Also, you can set standard American and European paper sizes (e.g., A4 or Letter) [8] with -sPAPERSIZE. If none of the standard sizes suit you, set custom paper dimensions in points (one-seventy-second of an inch) with -dDEVICEWIDTHPOINTS=Size and -dDEVICEHEIGHTPOINTS=Size. Also, you can choose to print only a range of pages from the source document, with -dFIRSTPAGE=Pagenumber and -dLASTPAGE=Pagenumber.

Using Ghostscript, you can even secure your PDFs. Use -sOwnerPassword=PASSWORD to set the owner password and -sUserPassword=PASSWORD for the password required to open the newly created PDF file. With -dPermissons=NUMBER, you can set the new file's octal permissions [9].

All of these settings can be used with ps2pdf, a script based on Ghostscript that also allows you to set the version number of the PDF format used, ranging from PDF 1.2 to PDF 1.4. However, these options don't have much point anymore. Even PDF 1.4, to which Ghostscript and PDF default, is far behind PDF 1.7, which is what the latest version of Adobe Acrobat uses.
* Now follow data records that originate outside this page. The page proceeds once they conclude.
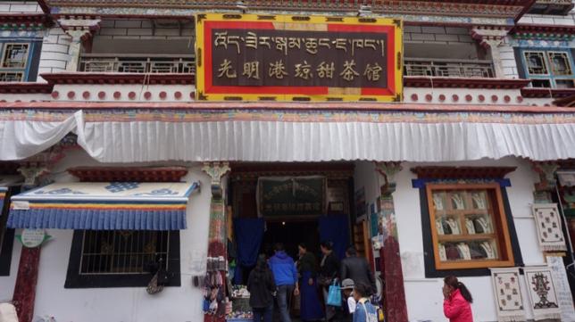 光明港琼甜茶馆门口就是到大昭寺的主要 通道 丹杰林路,商业繁荣,加上茶馆的价格地道,虽然内部环境很一般,就是一个简单的集体食堂一般,但这个茶馆名气、人流量在当地都是最大的。甜茶馆门不大,很有藏式风格,进了大门,里面大厅很宽敞,有好几排长条矮桌,很有藏式风格,是我们这些游客体验民风的好地方。
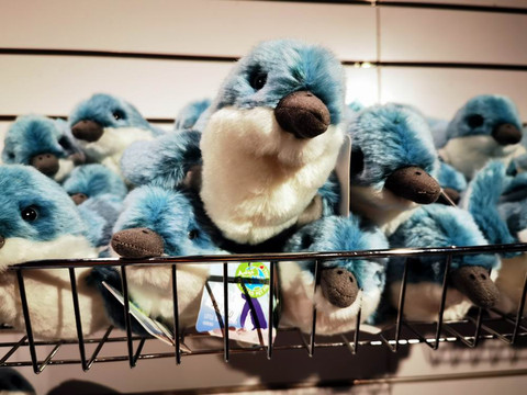 中心全年开放,每天傍晚时分企鹅便会回家(观企鹅时间会根据季节和企鹅活动的变化而变化),有专人讲解。图为保护中心出售的小蓝企鹅纪念品。
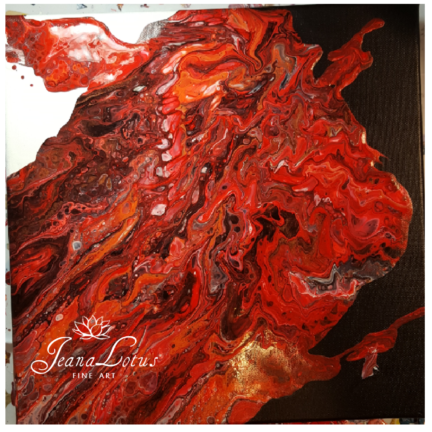 I love this acrylic fluid pour on a 16 x 20 x 1.5" wrapped canvas. In the light, the bold red, black and gold really stand out.
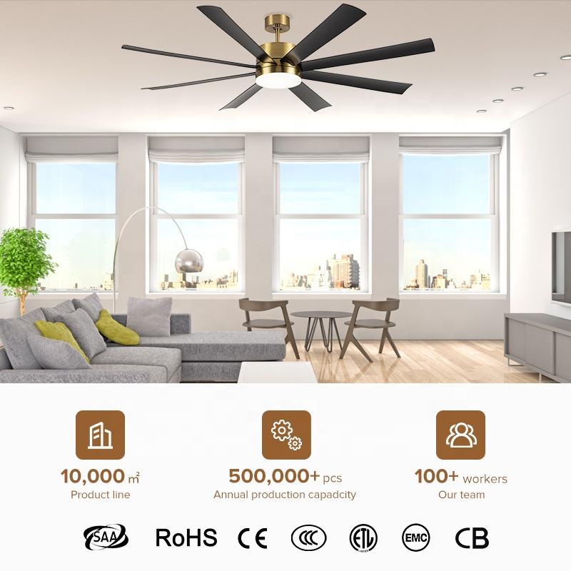 You are here: Home » Product Category » Traditional Fan Lamp » New Latest Remote Control Modern 75 Inch Large Room Black Wifi Abs Led Ceiling Fan with Light
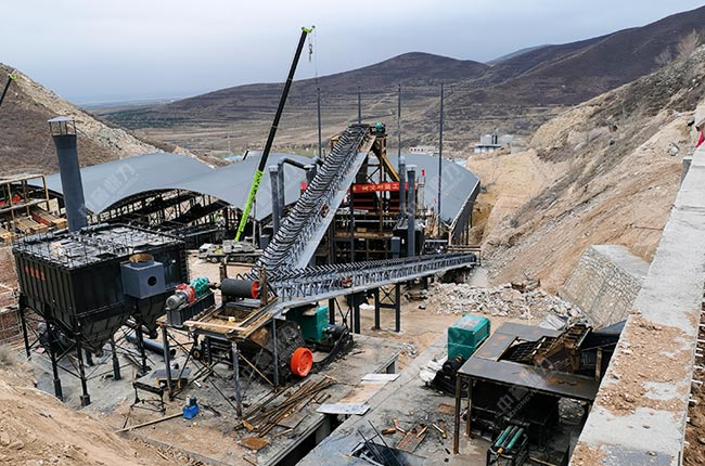 【設(shè)備配置】:采用中譽(yù)鼎力套礦山設(shè)備,如DLZGC2050振動(dòng)給料機(jī)、DLPCZ1820重型錘式反擊破碎機(jī)、DLPC1622整形式破碎機(jī)、DL3YKZ3070振動(dòng)篩、DLQMC脈沖袋式除塵器(11臺(tái))等,以及中譽(yù)鼎力成套智能礦山管理系統(tǒng)和低壓配電管理系統(tǒng)
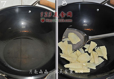 8、油热后,倒入冬笋片煸炒透。

The use of an older version does ensure that the PDFs created will be readable by just about everyone, but there is no reason to use a PDF version that is any older. Nor, for that matter, is any reason strong enough to compel you to use ps2pdf rather than Ghostscript - unless you discovered it first.

Just an Introduction

The tips in this article provide a narrowly focused introduction to a2ps, Ghostscript, and ps2pdf. However, they should be enough to get you started writing PDF files from the command line and to provide a sense of how these utilities interact. Although these tools might seem more complicated than a desktop equivalent, they have the advantage of offering more options. In fact, the options available in Ghostscript in particular compare favorably with those available in Adobe's proprietary PDF tools.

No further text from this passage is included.